Il est intéressant cet Offspring, car il arrive directement après 2 albums ("Americana" et "Conspiracy of one") qui ont cartonné et dans lesquels ils ont donné la pleine mesure de la qualité de leur pop-punk / punk mélo. Le genre était encore au sommet mais forcément le soufflet n'allait pas tarder à redescendre et deux choix s'offraient à eux pour "Splinter" : persévérer, quitte à mourir en même temps que le genre, ou évoluer, quitte à se mettre une partie de leur fan-base à dos. Le choix pris par le groupe... a été de ne pas choisir.
Dans "Splinter", on trouve des morceaux punk mélo dans la veine de leurs albums précédents, parfois plutôt inspirés ("The noose", "Can't get my head around you", "Never gonna find me") et idéalement mis en valeur par les mélodies, les vrais bons refrains, les riff de Noodles et le chant si particulier de Dexter Holland, et parfois un peu mou du genou ("Long way home", "Race against myself"). Mais on trouve également quelques morceaux plus originaux, qui ne sont pas signes d'une réelle évolution musicale globale et cohérente, plutôt des touches d'expérimentations par ci par là.
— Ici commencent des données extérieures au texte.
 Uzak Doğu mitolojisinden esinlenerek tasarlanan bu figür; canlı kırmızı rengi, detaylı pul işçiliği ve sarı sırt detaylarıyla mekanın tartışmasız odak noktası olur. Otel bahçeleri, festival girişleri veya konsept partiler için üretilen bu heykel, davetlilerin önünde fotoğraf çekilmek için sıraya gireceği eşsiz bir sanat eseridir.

Un peu comme si le groupe avait dit "tiens on va faire un morceau d'intro pour ouvrir le concert comme si on était dans un stade (le passable "Neocon"), et là on va faire un morceau ska (le très fun "Worst hangover ever"), puis un morceau punk rock coup de boule où on va lâcher les chevaux (le dément "Da hui") et une chanson pop où on va sortir les grattes sèches (l'excellent "Spare me the details"), en finissant sur une blague (le surprenemment crédible "When you're in prison"). En revanche il y a une constante chez Offspring, le single purement pop et quasiment humoristique censé tourner en boucle dans les radios. Pour "Americana" c'était le tube "Pretty fly", sur "Conspiracy of one" le moins inspiré "Original prankster", et ici c'est "Hit that". A chaque fois des sonorités originales, comme du clavier et un état d'esprit très léger. Ici "Hit that" a le mérite d'être assez catchy sans oublier d'être pêchu, et perso j'aime bien.
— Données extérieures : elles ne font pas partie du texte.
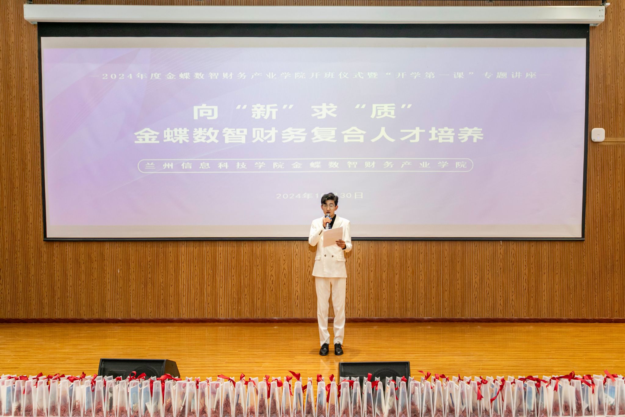 2024级财务管理专业(数智财务方向)新生代表马玉琪同学分享了她对未来学习的期待和对进入金蝶数智财务产业学院的自豪感。她表示,将珍惜在学院学习的每一刻,奋力前行,不负韶华,立志成为一名优秀的财务专业人才。

Pour résumer, j'aime bien les morceaux Offspring pur beurre, mais j'aime bien aussi les espèces de variations et de tentatives qu'ils ont fait, aussi diverses soient elles aucune n'est vraiment ratée à mes yeux. Cependant en agissant de la sorte et en balançant quelques expérimentations sans réelle cohérence et sans assumer un virage musical total et global, ils entraînent leur musique vers quelque chose de très désincarné et ils perdent un peu de leurs forces et de leur identité. C'est paradoxal, parce que même si j'aime vraiment bien cet album, il correspond également au moment où ils ont perdu leur personnalité et aux premiers pas du groupe vers un anonymat duquel ils ne sortiront probablement plus jamais.